Now one could say that the reason Greenblatt doesn't speak of the campus protesters in those terms is that he does not see any basis to credit their self-avowed bona fides as opponents of antisemitism. They have not earned such trust in the face of their actions. Leave aside whether that's a fair dismissal; leave aside whether he's right in what he adjudges antisemitic at all. The point is that if the defense of Greenblatt not giving the anti-Zionist left praise and gratitude before criticizing their usage of antisemitic tropes is that he does not believe they have earned Jews' trust, then it follows the reason he's so gentle with Donald Trump is that Greenblatt believes Trump is fundamentally trustworthy. I can think of no more damning indictment of his judgment, as a putative leader in the fight against antisemitism, than that. And that colossal failure of judgment is ultimately why Greenblatt has proven himself utterly incapable of effectively rallying against the rapidly rising tide of antisemitism overtaking the American right. 

As an organization, the ADL, I have to reemphasize, has many people doing absolutely invaluable work on antisemitism. They have some incredible staff who are doing amazing things. I still do not see any other group in the American Jewish space capable of replacing what the ADL does for us.

But as the ADL's head, Greenblatt has proven, time and time again, that when it comes to Donald Trump and mainstream conservative antisemitism he cannot rise to the demands of the moment. Ultimately, despite all the evidence, despite all the history, despite all the hatred, Jonathan Greenblatt fundamentally trusts Donald Trump to be a friend of the Jews. So long as he cleaves to that nightmarish delusion, he will never oppose Trump's bigotry with the moral clarity and decisiveness the Jewish people need.

Thursday, September 19, 2024

Things People Blame the Jews For, Volume LXXI: Trump Losing


Back in 2020, I suggested that Jews needed -- in the event that Trump lost his re-election bid -- to prepare for a "stabbed in the back" narrative. The fact that Jews consistently vote Democratic, I observed, would assuredly not make Republicans reconsider their arrogant assumption that they're the best friends of the Jews. The fact that Jews consistently vote Democratic would instead make Republicans fly into paroxysms of rage at the fact that the ungrateful Jews don't recognize what wonderful friends Republicans are.

Well, it took a little longer, but come 2024 Donald Trump is expressly laying this gauntlet down:

Speaking at antisemitism event on Thursday, Donald Trump doubled down on attacks on American Jews — those who do not vote for him.

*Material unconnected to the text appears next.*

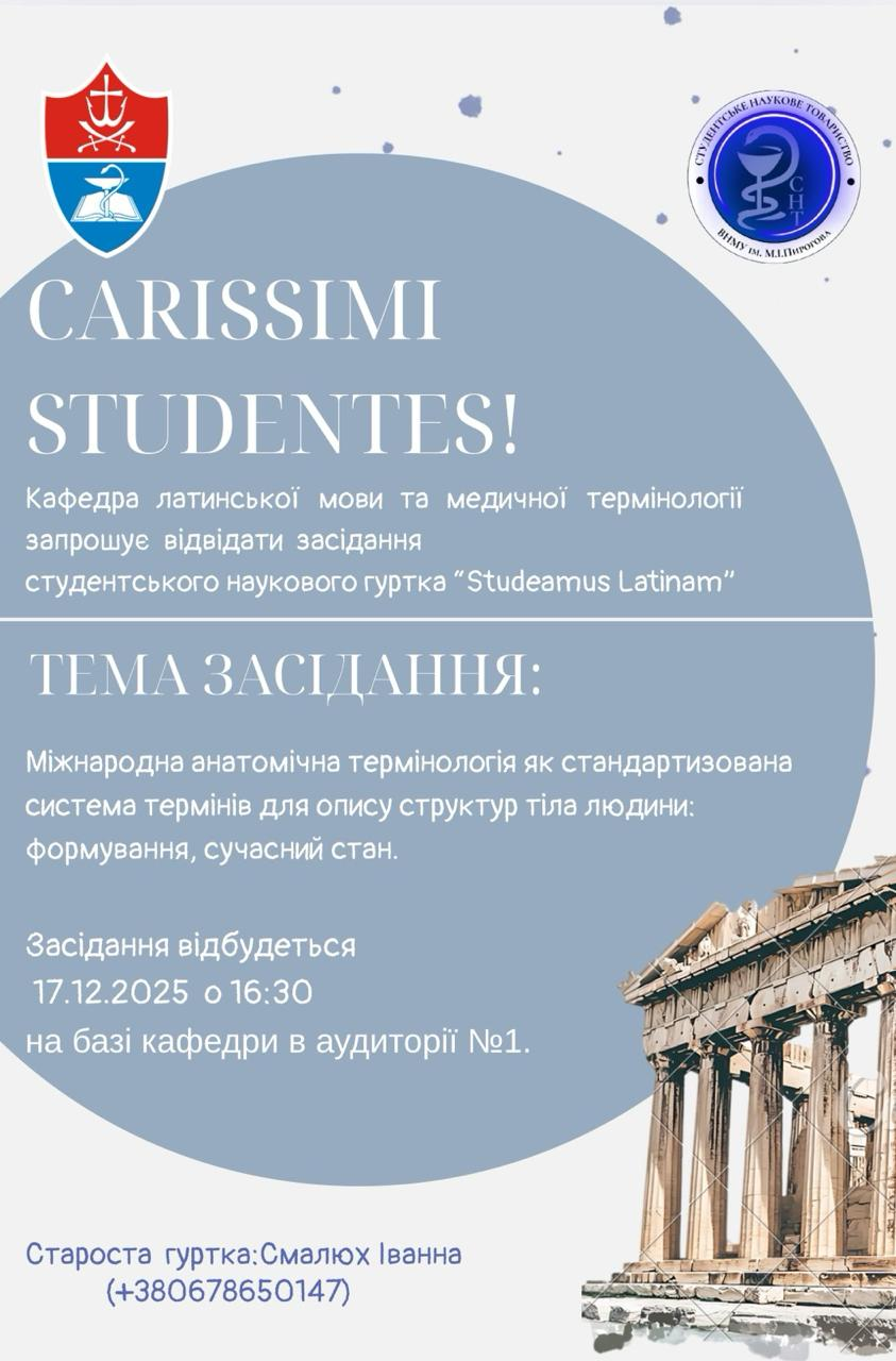 Засідання студентського наукового гуртка відбудеться 17.12.2025

He suggested that Jews would be to blame if he loses in November. He also said American Jews who vote for Democrats harm American interests, in an escalation of his standard rhetoric.

[....]

“I will put it to you very simply and gently. I really haven’t been treated right, but you haven’t been treated right, because you’re putting yourself in great danger, and the United States hasn’t been treated right,” he said. “The Jewish people would have a lot to do with the loss if I’m at 40%. I mean, think of it, that means 60% voting for Kamala.”

Obviously, this sort of "the Jews betrayed us" narrative is extraordinarily dangerous, -- the stabbed-in-the-back narrative was central to how the Nazis whipped up an antisemitic frenzy that ultimately led to the Holocaust. And it's particularly scary given a MAGA base that's already primed towards White supremacism and extreme right-wing nationalism, and has been increasingly open in accepting and promoting antisemites of all stripes (oh hi, NC GOP gubernatorial nominee Mark Robinson, I didn't see you I totally did see you there, because the revelation that you called yourself a "Black Nazi" was only the latest iteration of an antisemitic record that was already widely known when you were nominated!).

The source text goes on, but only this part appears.